◆ Data for processing ◆

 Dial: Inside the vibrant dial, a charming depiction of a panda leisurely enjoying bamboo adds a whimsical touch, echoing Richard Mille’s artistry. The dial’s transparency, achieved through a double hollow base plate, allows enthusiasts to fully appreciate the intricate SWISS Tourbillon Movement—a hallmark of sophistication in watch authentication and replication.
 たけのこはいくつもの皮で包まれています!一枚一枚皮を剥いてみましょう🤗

...

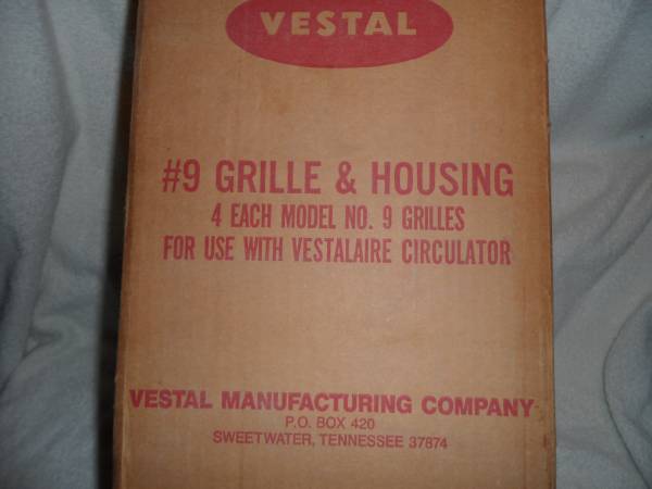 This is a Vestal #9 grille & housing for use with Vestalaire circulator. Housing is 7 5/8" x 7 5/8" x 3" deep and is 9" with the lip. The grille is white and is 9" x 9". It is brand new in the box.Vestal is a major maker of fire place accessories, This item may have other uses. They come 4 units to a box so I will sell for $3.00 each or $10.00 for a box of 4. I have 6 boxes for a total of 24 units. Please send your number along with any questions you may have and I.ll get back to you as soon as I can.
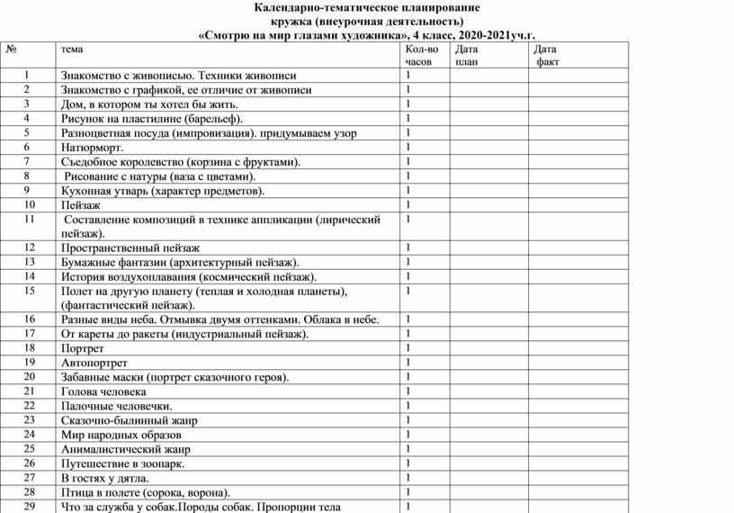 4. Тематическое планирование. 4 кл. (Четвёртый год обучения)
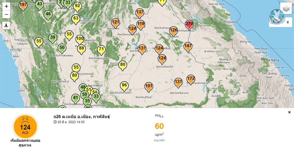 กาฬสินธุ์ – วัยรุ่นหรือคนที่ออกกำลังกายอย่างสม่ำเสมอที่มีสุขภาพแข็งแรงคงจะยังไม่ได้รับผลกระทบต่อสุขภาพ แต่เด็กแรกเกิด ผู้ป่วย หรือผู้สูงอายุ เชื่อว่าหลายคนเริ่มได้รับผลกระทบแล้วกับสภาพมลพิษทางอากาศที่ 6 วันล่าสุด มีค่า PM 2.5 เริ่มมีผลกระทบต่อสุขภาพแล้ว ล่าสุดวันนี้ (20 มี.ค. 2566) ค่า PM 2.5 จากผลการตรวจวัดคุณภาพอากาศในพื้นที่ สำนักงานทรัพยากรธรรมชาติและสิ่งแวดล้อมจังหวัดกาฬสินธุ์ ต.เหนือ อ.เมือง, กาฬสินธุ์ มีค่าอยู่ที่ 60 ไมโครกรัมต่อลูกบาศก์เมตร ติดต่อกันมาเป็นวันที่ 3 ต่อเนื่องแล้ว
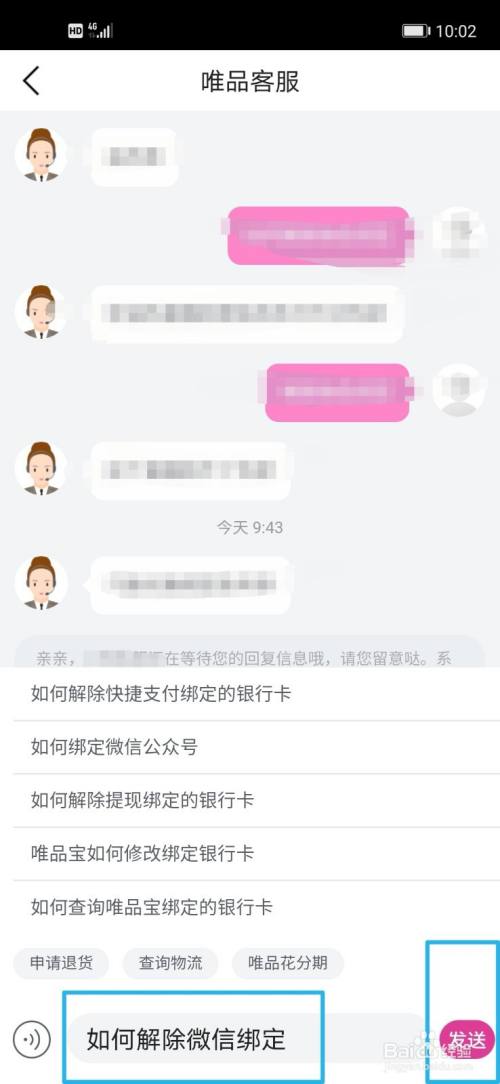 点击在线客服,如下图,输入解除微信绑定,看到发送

◆ Your objective ◆
Only one part of the material above is wanted: the lines from the one with "4. Тематическое планирование." up to and including the one with "点击在线客服,如下图,输入解除微信绑定,看到发送". Please copy them exactly, pictures left out.

◆ Answer to this task ◆
 4. Тематическое планирование. 4 кл. (Четвёртый год обучения)
 กาฬสินธุ์ – วัยรุ่นหรือคนที่ออกกำลังกายอย่างสม่ำเสมอที่มีสุขภาพแข็งแรงคงจะยังไม่ได้รับผลกระทบต่อสุขภาพ แต่เด็กแรกเกิด ผู้ป่วย หรือผู้สูงอายุ เชื่อว่าหลายคนเริ่มได้รับผลกระทบแล้วกับสภาพมลพิษทางอากาศที่ 6 วันล่าสุด มีค่า PM 2.5 เริ่มมีผลกระทบต่อสุขภาพแล้ว ล่าสุดวันนี้ (20 มี.ค. 2566) ค่า PM 2.5 จากผลการตรวจวัดคุณภาพอากาศในพื้นที่ สำนักงานทรัพยากรธรรมชาติและสิ่งแวดล้อมจังหวัดกาฬสินธุ์ ต.เหนือ อ.เมือง, กาฬสินธุ์ มีค่าอยู่ที่ 60 ไมโครกรัมต่อลูกบาศก์เมตร ติดต่อกันมาเป็นวันที่ 3 ต่อเนื่องแล้ว
 点击在线客服,如下图,输入解除微信绑定,看到发送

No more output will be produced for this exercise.